Il est également compliqué d’agir contre les entreprises étrangères incriminées. Le site Shein produit en effet des centaines de milliers de vêtements, de chaussures et d’accessoires. Il est difficile d’obtenir le retrait des produits qui dépassent les normes de la vente.
Effet cumulatif
Bien que les autres articles testés respectent les quantités maximales imposées par la législation européenne – le règlement REACH – Testachats juge celle-ci trop laxiste. “Nous demandons un renforcement du règlement européen REACH, en particulier pour ce qui concerne les perturbateurs endocriniens. Certains peuvent avoir des effets sur la santé à de très faibles concentrations, surtout s’agissant des enfants. Il faut également tenir compte de l’effet cocktail de toutes ces substances et de l’exposition chronique provenant de différentes sources” avertit-elle.
“Je ne dramatiserais pas : tout dépend de la durée de l’exposition.”
Stijn Steuperaert de Centexbel
Le biologiste Chris Callewaert souligne dans le quotidien flamand qu’il existe un manque significatif de recherches sur l’accumulation des substances chimiques. Le toxicologue Jan Tytgat décrit, lui, ce mélange chimique comme une “zone aveugle.” Stijn Steuperaert de Centexbel note, de son côté, que le contact répété avec différents perturbateurs endocriniens a un effet cumulatif. “Je ne dramatiserais pas : tout dépend de la durée de l’exposition.”
“Pourtant, même une infime quantité de contact au mauvais moment peut vraiment causer des dommages,” écrit Lieselot Theys dans son ouvrage Onze hormonen, onderschatte helden (ndlr: “Nos hormones, des héros sous-estimés”, non traduit en fr), “notamment chez les enfants à naître et les jeunes enfants.”
Temu visé
Ce n’est pas la première fois que Testachats contrôle des boutiques en ligne non européennes, parfois en collaboration avec d’autres organisations de consommateurs. La boutique en ligne chinoise Temu pose également divers problèmes en matière de sécurité des produits, ou de respect de ses obligations en tant que boutique en ligne. AliExpress, Wish, Amazon et consorts ne font pas mieux : lors d’un test précédent, deux produits sur trois provenant de ces plateformes de vente présentaient des problèmes de sécurité.
Les résultats problématiques des diverses analyses menées par l’organisation de consommateurs montrent que la législation existante n’est pas encore suffisamment contrôlée. “Trop de produits arrivent encore sur le marché intérieur sans respecter la législation européenne sur la sécurité des produits.
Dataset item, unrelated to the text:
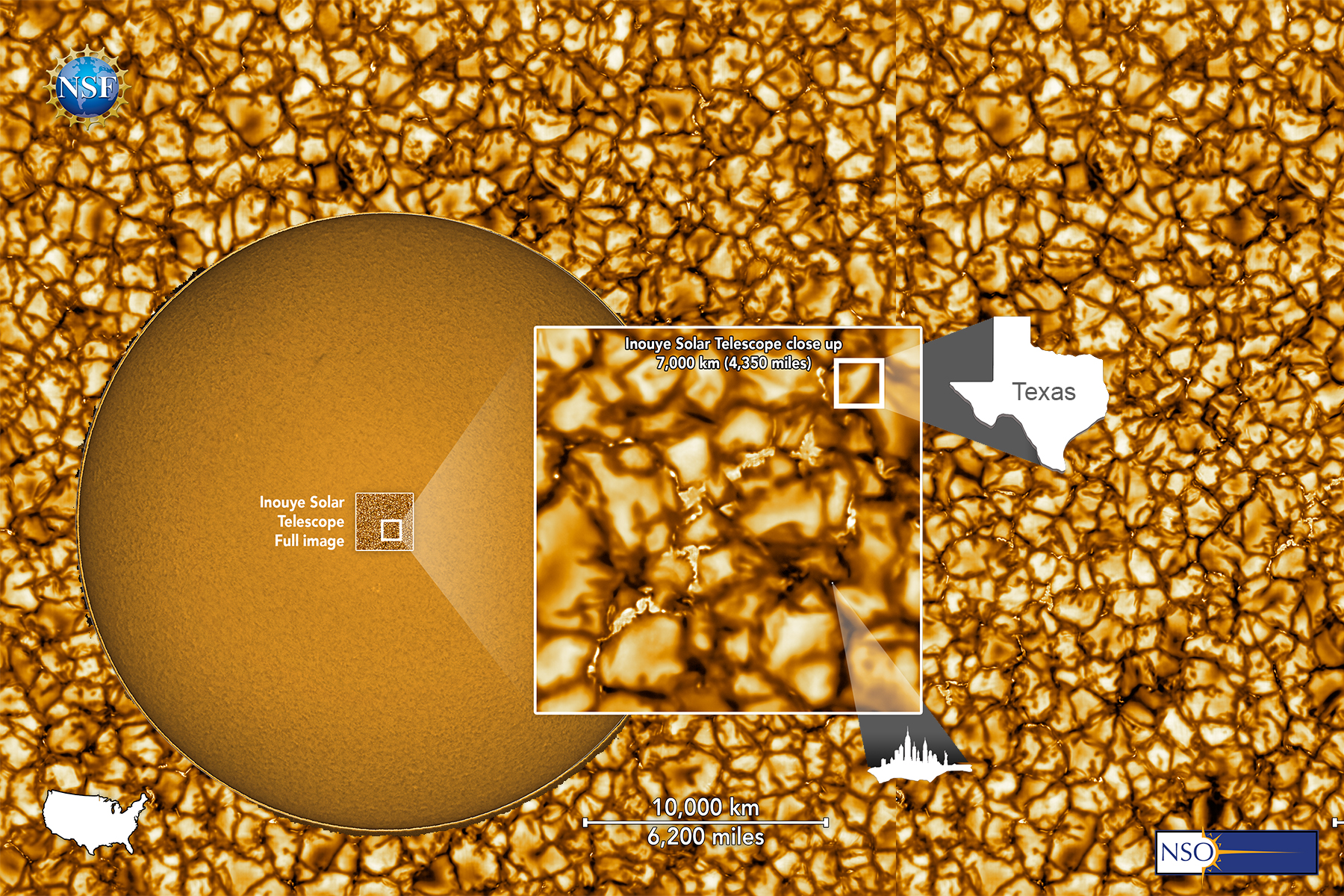 Premiérový snímek teleskopu DKIST. Každá „buňka“, která je na fotografii vidět, je velká asi jako Ukrajina nebo Texas.

Nos autorités doivent mener davantage de contrôles et nous demandons également aux plateformes de prendre au sérieux leurs obligations. Il en va de la sécurité des consommateurs et consommatrices” conclut Julie Frère.
Lavage obligatoire
Pour éviter d’être (trop) en contact avec ces substances nocives, la règle numéro un lors de l’achat de nouveaux vêtements est de les laver avant de les porter la première fois. Le lavage permet d’éliminer une partie des produits chimiques qui y sont imprégnés. Les vêtements de seconde main qui ont été lavés à plusieurs reprises sont moins contaminés.